D's topknot is so tall it's falling over.  








She adores rocks. I make sure she only plays with the large ones at least... she's a little ocd.
















Anyone know what these are? I know, but I'm bored, so I'll challenge you all!


----------



## Enneirda. (Mar 5, 2010)

Adobe photoshop won't work, so these look rather hideous considering what they could be.  But I didn't think anyone would mind too much lol.


----------



## flounder_1 (May 12, 2011)

Looks like a stick insect to me! And glad to hear you are still on the planet and keeping well!


----------



## Enneirda. (Mar 5, 2010)

I'm glad I am too Janet.  If you noted the lack of a sigi, I can't get my programs to work but once I can I'll get one up lol. And nope, it's not a walking stick! It does really, really look like one, but it's a ruse. Any more guesses?


----------



## anndante (Oct 26, 2011)

Definitely a stick insect. I know because we used to keep them when my son was at school! We progressed from the basic one shown to all sorts of weird and wonderful ones. I well remember baby ones would escape now and then and would be found climbing the curtains!!


----------



## flounder_1 (May 12, 2011)

Maybe you call them something different in America but we call them stick insects.


----------



## Enneirda. (Mar 5, 2010)

Nope, we call stick insects stick insects or walking sticks too.  The fellow above is a mantid! Brunners mantis, to be exact. Eerily similar but for the front legs, though later it'll grow in a pair of wings.


----------



## Sezra (May 20, 2011)

Glad you are ok apart from being too hot!  

Great photos!


----------



## Ali79 (Mar 30, 2011)

Hi Enneirda - glad you are ok (I would love to be too hot so you need to swap homes with me) and I have to say not only do I love your photos but you do make me laugh  x


----------



## Nanci (Mar 1, 2012)

Beautiful dogs! I like the unusual groom. It was 106 in Georgia yesterday and already 107 today, was wondering what the humidity level is there as that is what causes such misery in Georgia . . . as soon as you walk outdoors it feels like a hot wet towel has been wrapped around your entrie face! you feel like its difficult to get a full breath (exactly like being in a sauna), you are drenched in sweat in 10 minutes . . . I've lived here all my life and this is honestly unbelievable! It was still 96 degrees at 10pm last night! All the grass in our yard is turning from beautiful dark green to very pale green and crunches when you walk on it! Ali . . . I know the rain and cold seems unending there, but you definately would not want to trade homes with anyone in Georgia right now!! lol Sami is jet black and goes straight out for his business, the bolts for the door inside, he is alrady panting after 2-3 minutes!! This really blows because he cannot run and play outside, its just toooo dangerous right now. We are looking for a little pool to fill outside and set in the shade of a tree just to be able to let him out for an hour or so, this is the only way we can figure?? He is scheduled for his first groom at 7 months next friday and looks like a black bear right now, quite wavy and fluffy with hair on brows hanging in his eyes. My husband is purchasing a new camera this week so hope to be able to post a before and after pic of him!


----------



## lady amanda (Nov 26, 2010)

Aw! love seeing pics of the kids! hey you should come up here for a winter then let me know how you like your summers...lol..
I enjoy when you pop in, always love reading your updates. 
When does college start up again?


----------



## Enneirda. (Mar 5, 2010)

@Ali & Madeleine. How should I dress?!  I'll be right over. How's the weather? Here it's 91°F with wind at N at 4 mph and humidity: 52%.

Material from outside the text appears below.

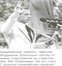 Олимпийские клятвы — их две. Первая от имени участников. Текст ее предложил Пьер де Кубертен. Правда, теперь клятва несколько видоизменилась. Вот как она звучит в наши дни: «От имени всех спортсменов я обещаю, что мы будем участвовать в этих Играх, уважая и соблюдая правила, по которым они проводятся, в истинно спортивном духе, во славу спорта и во имя чести своих команд» Торжественные и очень убедительные слова. Так имеют право говорить только настоящие атлеты, благородные люди. На Играх в Москве их произнес гимнаст Николай Андрианов. А впервые олимпийская клятва прозвучала в 1920 году. Вторая — клятва спортивных арбитров. Этой олимпийской традицией нашей стране, быть может, стоило бы гордиться особо, Она появилась на Играх-б8 в Мехико. И предложил ее наш Олимпийский комитет! Текст клятвы таков: «От имени всех судей и официальных лиц я обещаю, что мы будем выполнять наши обязанности во время этих Олимпийских игр со всей беспристрастностью уважая и соблюдая правила, по которым они проводятся в подлинно спортивном духе» И в этой клятве доходчивые, а главное — ответственные слова!

@ Nanci. Our humidity doesn't usually get over 70, and is often times paired with a lazy wind. I don't envy your weather at all, that sounds awful. We have the same night time heat usually, it's holding off for a bit but I expect it soon actually. I wanna curl up in a ball just thinking about it.  Just be sure to think about how soggy he'll be from that pool, should he be allowed on bed couches ect that could get very messy. I know my girl won't play outside alone at all, water or no water. 


@Mo. I'd love to! Promise to help cook and run the dogs and everything. Just don't make me pay rent.  I'll even sweep weekly! (that's amazing out of me) and I'll take my shoes to my room instead of shoving them under the couch. And not blast music. Or cook mushrooms when you are home, if you're like my sister and'll flip.  Where do I ship the box with me and the kids in it? 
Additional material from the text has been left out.